At the turn of the twentieth century, readers of Harriet Beecher Stowe’s bestselling 1852 novel, Uncle Tom’s Cabin, encountered a very different book than their antebellum counterparts had devoured. As Barbara Hochman explores in her fascinating Uncle Tom’s Cabin and the Reading Revolution, this novel’s remarkable transformation from an intensely read work of fiction widely credited with (or condemned for) helping to bring on the Civil War and the abolition of slavery to a dated American classic that affirmed Jim Crow racial hierarchies was the result of broader cultural changes in how Americans thought not only about race but also about childhood, literacy, and fiction. Hochman shows how “an old book met changing cultural needs” not only for black and white adult readers, but also for children (p. 8). Sustained attention to children’s editions is a welcome intervention of this book, for children were, as she notes, important among Stowe’s intended and actual audience. Although Stowe’s novel is famous for the enormity of adaptations and appropriations it inspired across media, this book focuses on Uncle Tom’s Cabin as fiction. One of its major projects is to use the lens of Uncle Tom’s Cabin to track a history of reading in the United States during the second half of the nineteenth century, when the novel gained cultural authority and played an increasingly important role in accounts of American history.
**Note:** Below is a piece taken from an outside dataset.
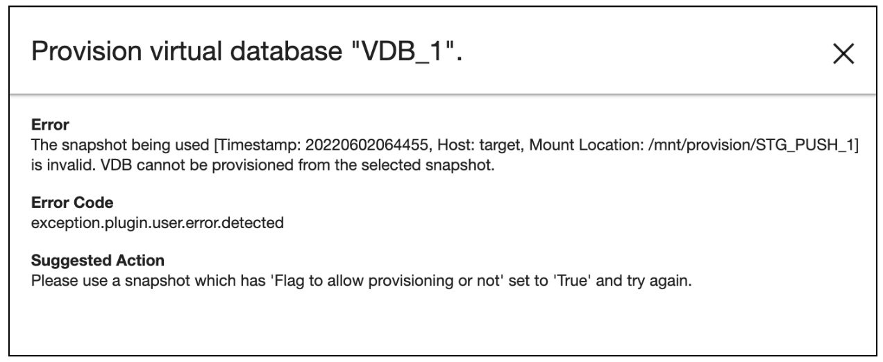If you attempt to create a VDB from this snapshot, it will fail with the below error message.

The first half of the book explores the rhetorical strategies of Stowe’s novel, its original illustrations, and an early children’s book, Pictures and Stories from Uncle Tom’s Cabin (1853). In the 1850s, Stowe’s novel and its children’s adaptations advanced an antislavery agenda by adapting sentimental literary conventions to the representation of slavery and, intriguingly, by representing emotions that antebellum literature usually ignored. These strategies encouraged white readers to identify with black characters. In Gamaliel Bailey’s National Era, where Uncle Tom’s Cabin first appeared in serial form, fiction and [End Page 171] antislavery politics had been largely separate, according to Hochman, but in combining the two, Stowe “established emotional identification as a widespread reading practice for consuming the story of slavery” (p. 26). Hochman also insightfully argues that the novel encouraged cross-racial identification by representing parents’ grief and pain over the loss, or prospect of loss, of a child—feelings that were all too common in an era of high child mortality but rarely mentioned in literature. The children’s book Pictures and Stories from Uncle Tom’s Cabin deployed similar rhetorical strategies by featuring Eliza’s son, Harry, as an imperiled boy much like the typical fairy tale protagonist. In addition to incorporating fairy tale motifs, Picture and Stories encouraged white children to recognize black subjectivity by filling a gap in the era’s didactic children’s literary culture, which generally avoided portraying naughty behavior, and certainly not with understanding. Here, however, Topsy’s desire to play and her struggles to be good are sympathetically portrayed in ways that young white readers likely would have found relatable.

Uncle Tom’s Cabin and the Reading Revolution also highlights the importance of reading and literacy themes in Stowe’s novel and its illustrations. Hochman argues that depictions of black literacy were central to the political project of Uncle Tom’s Cabin, which reframed slave literacy not as a tool of escape or rebellion but as “a ‘civilizing’ practice that would serve the cause of faith and domesticity” (p. 51), as well as in illustrations by Hammatt Billings, whom the author rightly describes as “Stowe’s ideal reader” (p. 52), that accompanied the 1852 John P. Jewett edition. In privileging scenes of black literacy, Billings’s images advance the novel’s antislavery politics by suggesting black inferiority, morality, and feeling.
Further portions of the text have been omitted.